Among the most commonly used words in everyday language, there are few clusters of vowels and consonants, perhaps "Ciao", "Buongiorno", and polite forms, that can compete for the coveted top spot with "Vaffanculo", "Cazzo", "Merda", and all the various more or less coarse stepsiblings. These rather inelegant expressions, so well known in the realm of friends, the four walls of home, or more generally in the so-called intimate sphere, can very rarely come to light. Along with sudden mood swings and obsessions that can reflect our true way of being, they are indeed part of a dark world that cannot, should not, appear in daily contact with strangers.
The result is that a considerable number of grains of sand in our personal hourglass are spent playing chess, carefully calibrating words, gestures, and behaviors: false to the core, we often smile silently when behind that veneer is nothing but a great desire, an almost irresistible urge, to explicitly tell the other to go fuck themselves. Preferably while looking them straight in the eye. And so on for another thousand situations, whose true aims are stifled by etiquette, by the education that regulates how we interact with people with whom we come into contact, whether we like it or not.
Carnage
We are in New York, and two adult couples, seemingly civil and balanced, are reluctantly brought together due to a fight involving their respective children. The incisors of the first young one were spectacularly knocked out by a stick masterfully wielded by the second. Shot in a single setting, this film, a transposition of a theatrical work, succeeds in depicting very well what I attempted to outline at the beginning.
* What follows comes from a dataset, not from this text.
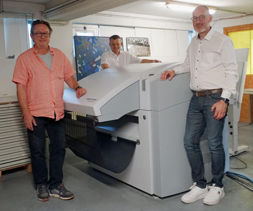 Im Drucksaal verrichtet derweil noch immer die einstige Großinvestition zuverlässig ihren Dienst neben einigen Tiegeln sowie einem Heidelberg-Zylinder und ergänzt um eine gebrauchte Heidelberg Speedmaster SM 52-5+L. Und die benötigen natürlich Druckplatten. So kam es im Juli zur ersten größeren Investition in den Offsetdruck seit zehn Jahren: Ein neuer CtP-Belichter musste her.
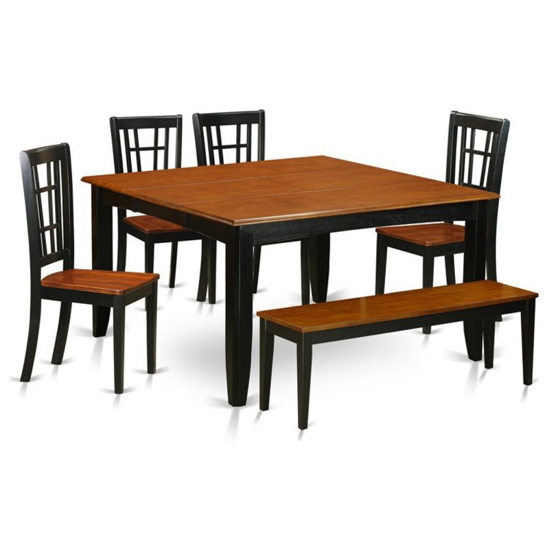 -This 6 piece dining set includes dining table and 4 wood seat dining room chairs finished in black and cherry

It's a meeting of pure etiquette between two couples who, although they do not like each other in the slightest, must try to maintain a behavioral balance made of nonsense, false compliments, pleasantries, and god knows what else; situations we know all too well since our daily life is often full of them. Thanks to the fiction of cinema, and here lies the genius paradox, the initial balance is irrevocably shattered to gradually give way to the true way of presenting oneself, the personal worldview, of each of the four characters.
One after another, they will burst like balloons in contact with a needle. They will find themselves "naked", in the sense of defenseless, trying to gather the priorities of their comfortable existences: the handbag with beauty products, the cell phone with million-dollar contacts, the books stained with rich and dense vomit.
On points, the winning couple is Kate Winslet & Christoph Waltz, an excellent duo perhaps worthy of a statuette, over an indomitable Jodie Foster and a chameleon-like John C. Reilly. Polanski directs them in the right way, enhancing their talent, for an original film that I appreciated for its short duration, the icy humor that permeates it, and the cynical message it sends. I consider it a satisfying viewing, validated by a performance that is decidedly above average.
A must-watch. And for once "cazzo", "merda", and "vaffanculo"!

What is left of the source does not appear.